▶ [PROBLEM STATEMENT]: Print the lines exactly. Start at the first line of the material below, end with the line that contains "Publish your advert", and skip all pictures.

▶ [GIVEN DATA]:
+++

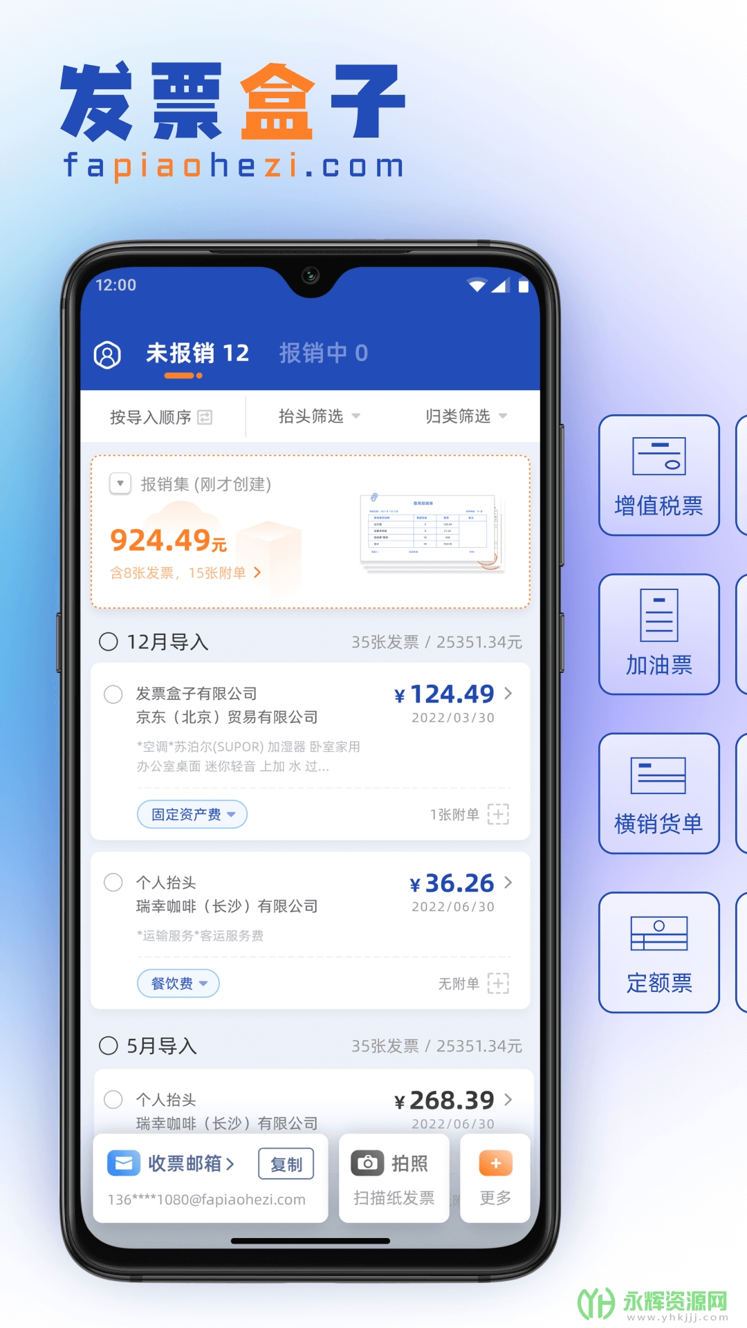 发票盒子是一款高效的电子发票管理和整理工具,旨在帮助个人及企业用户轻松管理发票记录。通过智能科技的应用,发票盒子免除了传统手动整理发票的烦恼,提供安全、便捷的发票处理方式,让发票管理变得简单易行。如果您对这款软件感兴趣的话,不妨来永辉资源网下载体验一番吧!
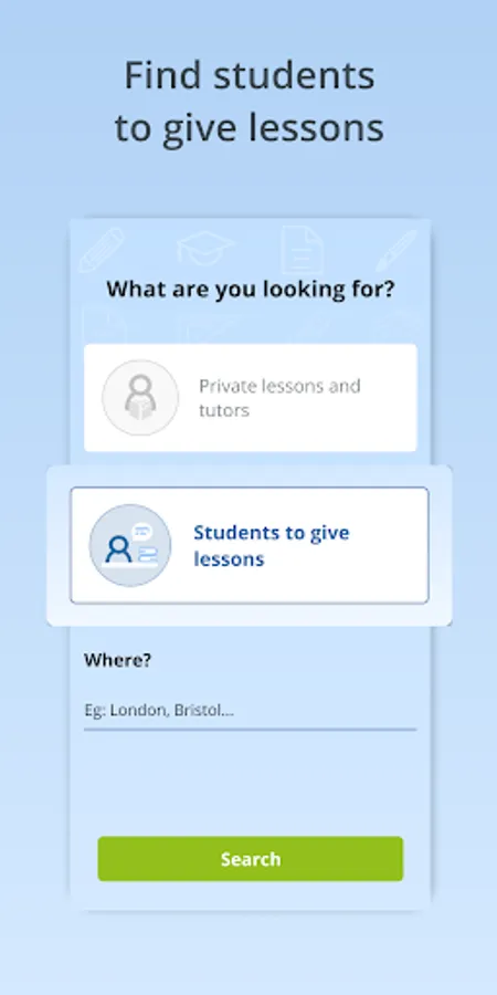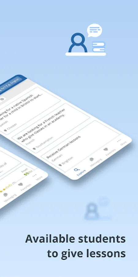 Publish your advert for free. There are no commissions. You decide how much you want to charge. Flexible hours. Students will contact you using the app’s messaging service.
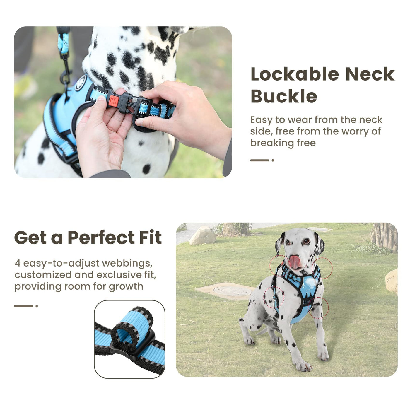 o Pull FURRYFEcTION dog harness features 2 metal leash rings one on the back and the other on the chest The front D-Ring helps redirect your dogs forward motion and the back ring is perfect for a casual dog walk jogging hiking training o choke 4 adjustable straps are created to fit various dogs with different body shapes With 2 easy buckles on belly straps and 1 more lockable quick release buckle on the neckline you donAt need to slip over the dogAs head to adjust the straps all the time Easy control handle gives pet owners additional control et-friendly Material Our durable dog vest is made of 600D Nylon with sturdy stitching suitable for long-time use Breathable mesh design keeps air circulation around your dogAs body and protects your dogAs skin during outdoor activities Reflective straps guarantee you a safe and wonderful late-night walk Size Matters We provide different size harnesses for small dogs to large dogs to ensure your dog a comfortable experience Note: Please measure your dogAs neck girth& chest girth carefully and check our measuring guide before purchasing There might be a slight difference If your dog fits two sizes in the list always choose the larger one Otherwise contact us and we will give you some advice customer Service Our customersA amazing shopping experience is always our Priority If you have any problems while using our products please feel free to let us know Our customer service will effectively solve your problem in 24 hours
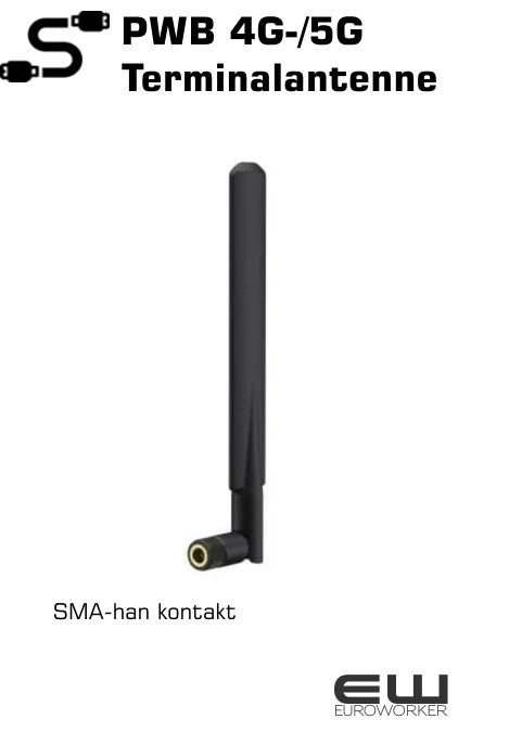 Antenne for rutere og andre terminaler som dekker 2G-, 3G-, 4G og 5G-båndene. PWB har et ledd i nedre enden og kan dermed vinkles i ønsket retning.

+++

▶ [EXERCISE OUTPUT]:
 发票盒子是一款高效的电子发票管理和整理工具,旨在帮助个人及企业用户轻松管理发票记录。通过智能科技的应用,发票盒子免除了传统手动整理发票的烦恼,提供安全、便捷的发票处理方式,让发票管理变得简单易行。如果您对这款软件感兴趣的话,不妨来永辉资源网下载体验一番吧!
 Publish your advert for free. There are no commissions. You decide how much you want to charge. Flexible hours. Students will contact you using the app’s messaging service.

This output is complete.